Directions =
Please repeat each line below exactly, with no images in the copy.
*** Opening Data for processing ***
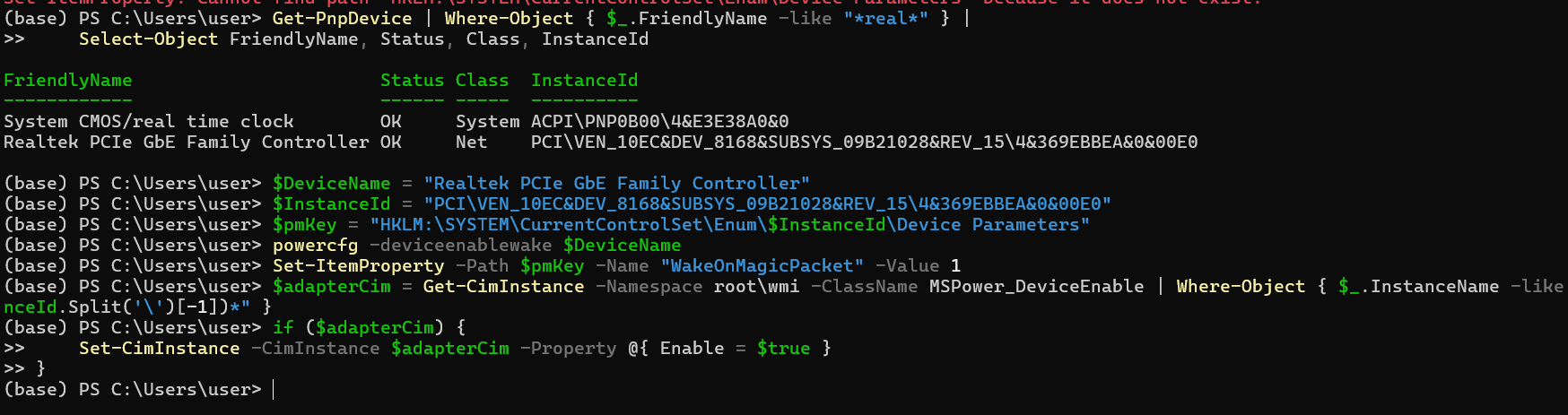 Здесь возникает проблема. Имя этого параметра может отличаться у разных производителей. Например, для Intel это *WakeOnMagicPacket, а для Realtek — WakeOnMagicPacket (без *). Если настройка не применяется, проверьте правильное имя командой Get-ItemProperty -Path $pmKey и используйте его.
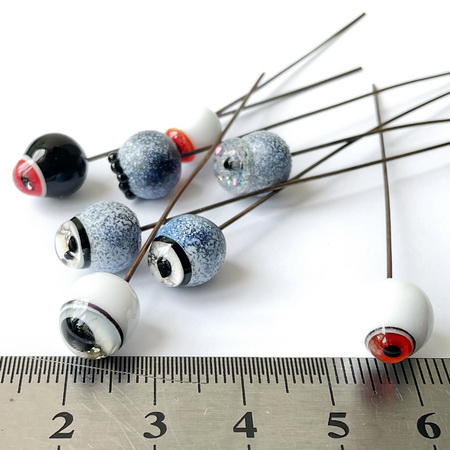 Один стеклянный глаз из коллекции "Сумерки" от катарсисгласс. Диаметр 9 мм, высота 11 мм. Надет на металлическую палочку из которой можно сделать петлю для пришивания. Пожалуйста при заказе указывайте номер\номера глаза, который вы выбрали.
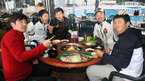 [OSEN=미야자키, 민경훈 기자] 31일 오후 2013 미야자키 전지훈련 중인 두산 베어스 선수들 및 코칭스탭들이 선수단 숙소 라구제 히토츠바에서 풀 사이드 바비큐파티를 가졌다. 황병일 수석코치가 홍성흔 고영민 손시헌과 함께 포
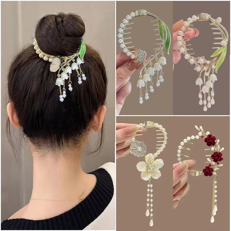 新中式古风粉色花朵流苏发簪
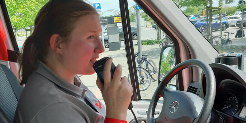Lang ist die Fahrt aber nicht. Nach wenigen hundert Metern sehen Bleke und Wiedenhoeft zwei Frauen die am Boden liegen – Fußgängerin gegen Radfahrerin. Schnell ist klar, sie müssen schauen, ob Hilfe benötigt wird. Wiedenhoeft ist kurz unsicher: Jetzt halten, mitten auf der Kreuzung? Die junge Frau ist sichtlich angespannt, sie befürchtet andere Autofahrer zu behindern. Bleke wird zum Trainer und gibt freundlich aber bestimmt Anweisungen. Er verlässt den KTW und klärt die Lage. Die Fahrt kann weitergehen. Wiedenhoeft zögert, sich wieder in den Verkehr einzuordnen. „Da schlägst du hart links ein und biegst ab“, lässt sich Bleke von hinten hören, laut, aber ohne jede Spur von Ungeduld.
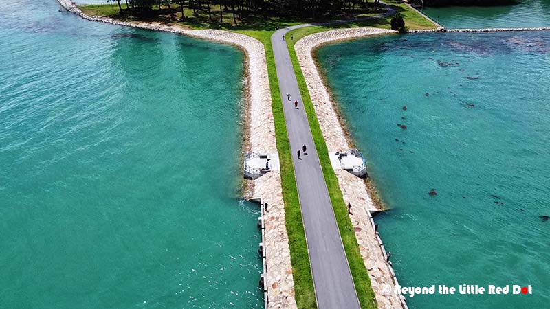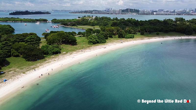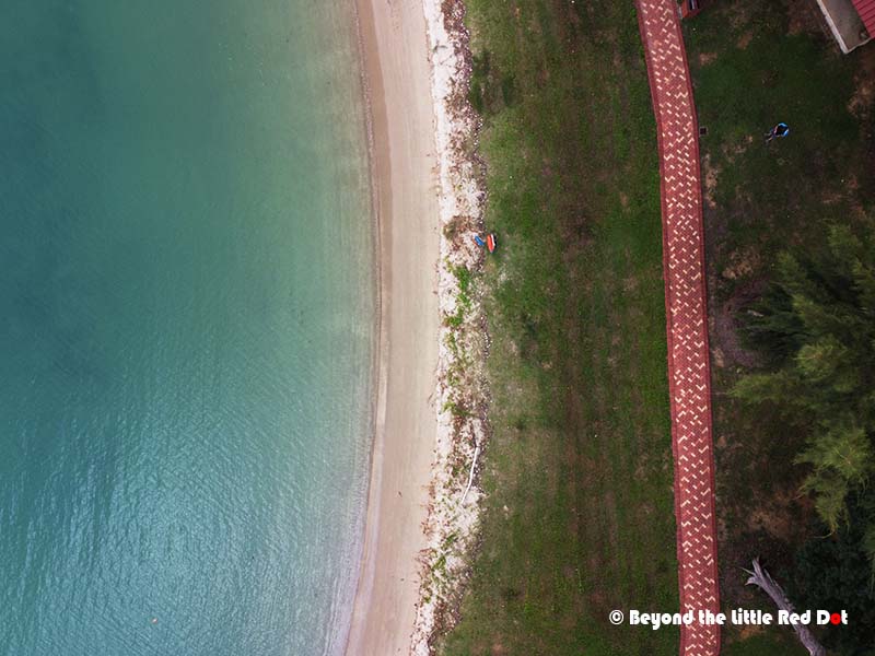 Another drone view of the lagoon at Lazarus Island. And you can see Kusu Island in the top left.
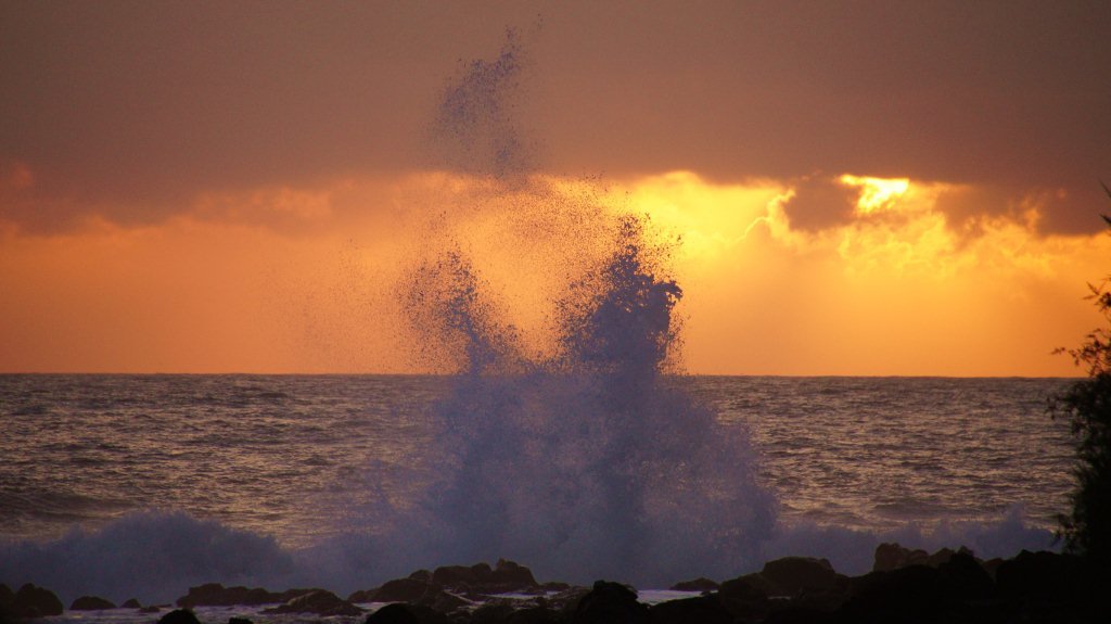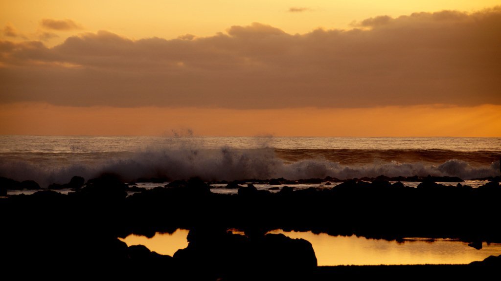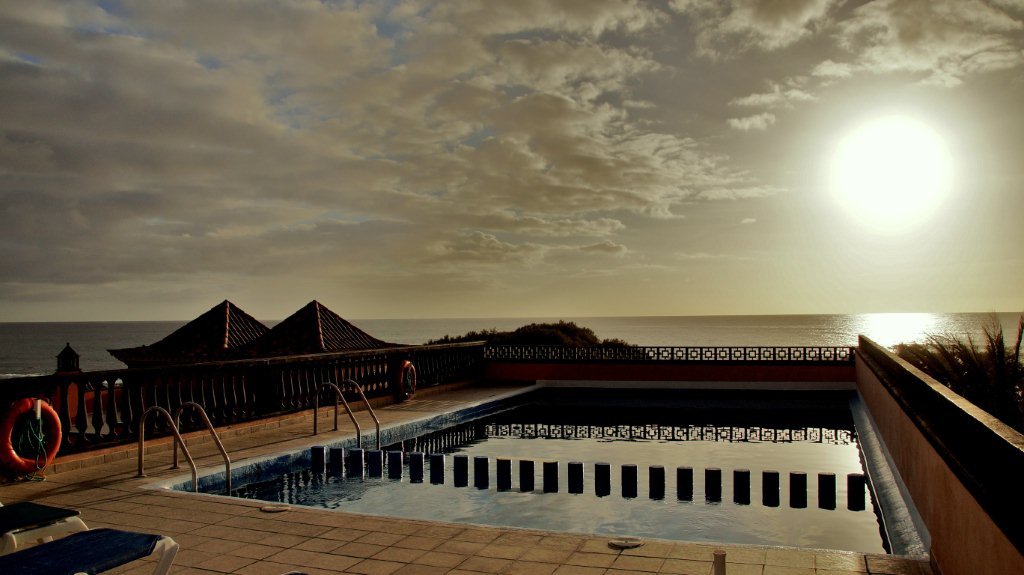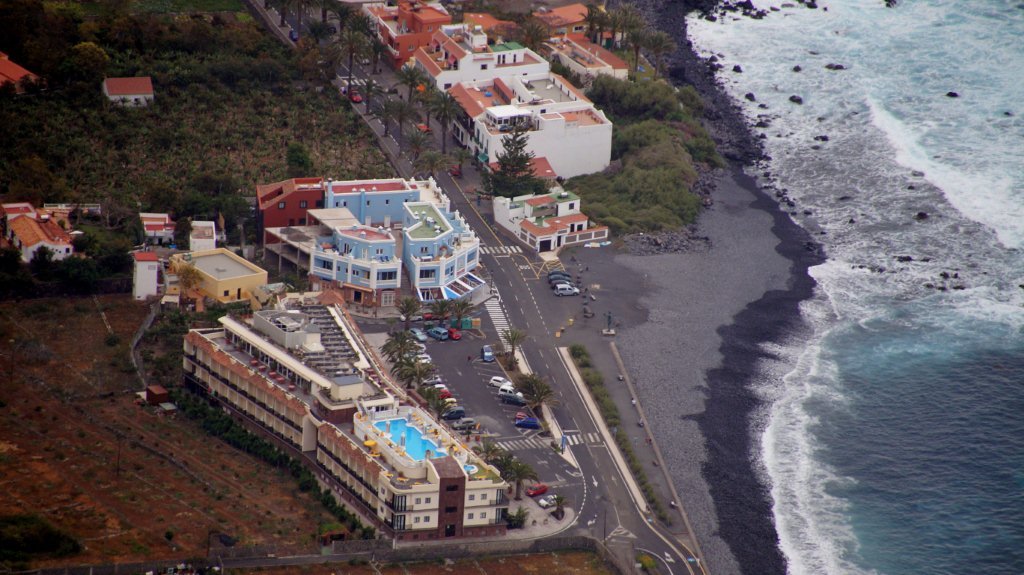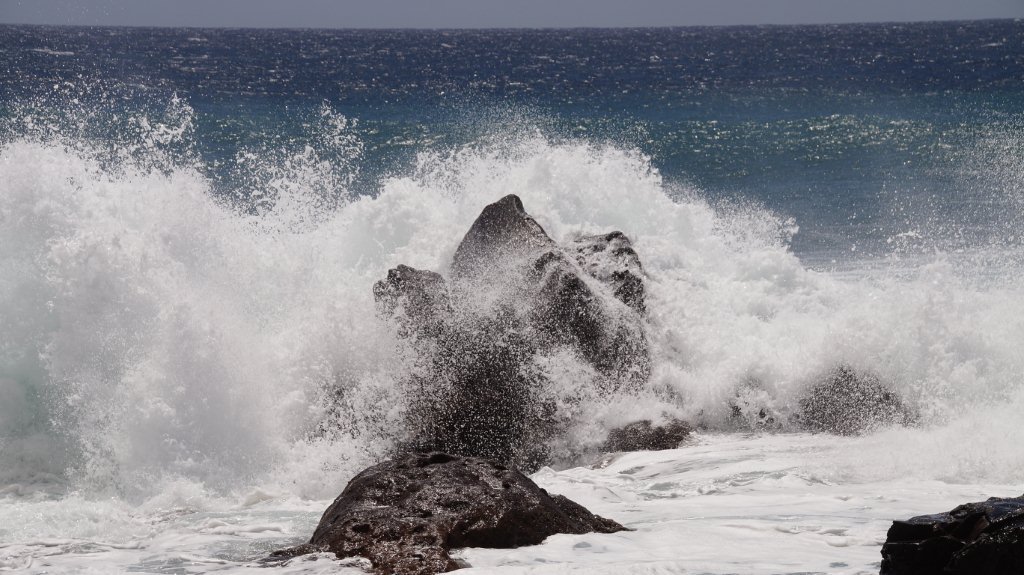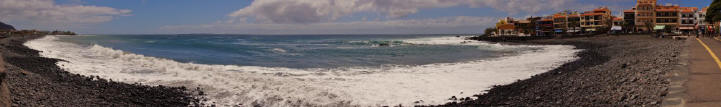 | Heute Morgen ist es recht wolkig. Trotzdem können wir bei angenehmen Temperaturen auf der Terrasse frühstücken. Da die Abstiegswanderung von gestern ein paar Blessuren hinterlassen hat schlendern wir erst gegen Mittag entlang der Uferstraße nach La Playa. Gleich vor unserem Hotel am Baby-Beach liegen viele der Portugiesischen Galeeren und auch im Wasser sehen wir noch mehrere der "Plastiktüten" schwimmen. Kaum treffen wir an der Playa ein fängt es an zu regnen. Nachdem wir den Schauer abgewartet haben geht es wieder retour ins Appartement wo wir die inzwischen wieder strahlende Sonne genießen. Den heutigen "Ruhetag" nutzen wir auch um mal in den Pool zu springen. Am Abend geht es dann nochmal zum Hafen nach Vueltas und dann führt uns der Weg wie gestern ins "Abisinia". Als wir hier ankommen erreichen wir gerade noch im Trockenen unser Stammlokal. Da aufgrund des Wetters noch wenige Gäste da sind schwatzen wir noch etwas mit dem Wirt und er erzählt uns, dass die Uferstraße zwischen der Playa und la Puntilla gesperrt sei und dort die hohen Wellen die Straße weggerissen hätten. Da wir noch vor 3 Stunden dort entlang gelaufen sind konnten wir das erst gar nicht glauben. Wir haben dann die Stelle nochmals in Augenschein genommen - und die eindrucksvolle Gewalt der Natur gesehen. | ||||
*** Closing Data for processing ***
Solution to the exercise =
 Здесь возникает проблема. Имя этого параметра может отличаться у разных производителей. Например, для Intel это *WakeOnMagicPacket, а для Realtek — WakeOnMagicPacket (без *). Если настройка не применяется, проверьте правильное имя командой Get-ItemProperty -Path $pmKey и используйте его.
 Один стеклянный глаз из коллекции "Сумерки" от катарсисгласс. Диаметр 9 мм, высота 11 мм. Надет на металлическую палочку из которой можно сделать петлю для пришивания. Пожалуйста при заказе указывайте номер\номера глаза, который вы выбрали.
 [OSEN=미야자키, 민경훈 기자] 31일 오후 2013 미야자키 전지훈련 중인 두산 베어스 선수들 및 코칭스탭들이 선수단 숙소 라구제 히토츠바에서 풀 사이드 바비큐파티를 가졌다. 황병일 수석코치가 홍성흔 고영민 손시헌과 함께 포
 新中式古风粉色花朵流苏发簪
Lang ist die Fahrt aber nicht. Nach wenigen hundert Metern sehen Bleke und Wiedenhoeft zwei Frauen die am Boden liegen – Fußgängerin gegen Radfahrerin. Schnell ist klar, sie müssen schauen, ob Hilfe benötigt wird. Wiedenhoeft ist kurz unsicher: Jetzt halten, mitten auf der Kreuzung? Die junge Frau ist sichtlich angespannt, sie befürchtet andere Autofahrer zu behindern. Bleke wird zum Trainer und gibt freundlich aber bestimmt Anweisungen. Er verlässt den KTW und klärt die Lage. Die Fahrt kann weitergehen. Wiedenhoeft zögert, sich wieder in den Verkehr einzuordnen. „Da schlägst du hart links ein und biegst ab“, lässt sich Bleke von hinten hören, laut, aber ohne jede Spur von Ungeduld.
 Another drone view of the lagoon at Lazarus Island. And you can see Kusu Island in the top left.
 | Heute Morgen ist es recht wolkig. Trotzdem können wir bei angenehmen Temperaturen auf der Terrasse frühstücken. Da die Abstiegswanderung von gestern ein paar Blessuren hinterlassen hat schlendern wir erst gegen Mittag entlang der Uferstraße nach La Playa. Gleich vor unserem Hotel am Baby-Beach liegen viele der Portugiesischen Galeeren und auch im Wasser sehen wir noch mehrere der "Plastiktüten" schwimmen. Kaum treffen wir an der Playa ein fängt es an zu regnen. Nachdem wir den Schauer abgewartet haben geht es wieder retour ins Appartement wo wir die inzwischen wieder strahlende Sonne genießen. Den heutigen "Ruhetag" nutzen wir auch um mal in den Pool zu springen. Am Abend geht es dann nochmal zum Hafen nach Vueltas und dann führt uns der Weg wie gestern ins "Abisinia". Als wir hier ankommen erreichen wir gerade noch im Trockenen unser Stammlokal. Da aufgrund des Wetters noch wenige Gäste da sind schwatzen wir noch etwas mit dem Wirt und er erzählt uns, dass die Uferstraße zwischen der Playa und la Puntilla gesperrt sei und dort die hohen Wellen die Straße weggerissen hätten. Da wir noch vor 3 Stunden dort entlang gelaufen sind konnten wir das erst gar nicht glauben. Wir haben dann die Stelle nochmals in Augenschein genommen - und die eindrucksvolle Gewalt der Natur gesehen. | ||||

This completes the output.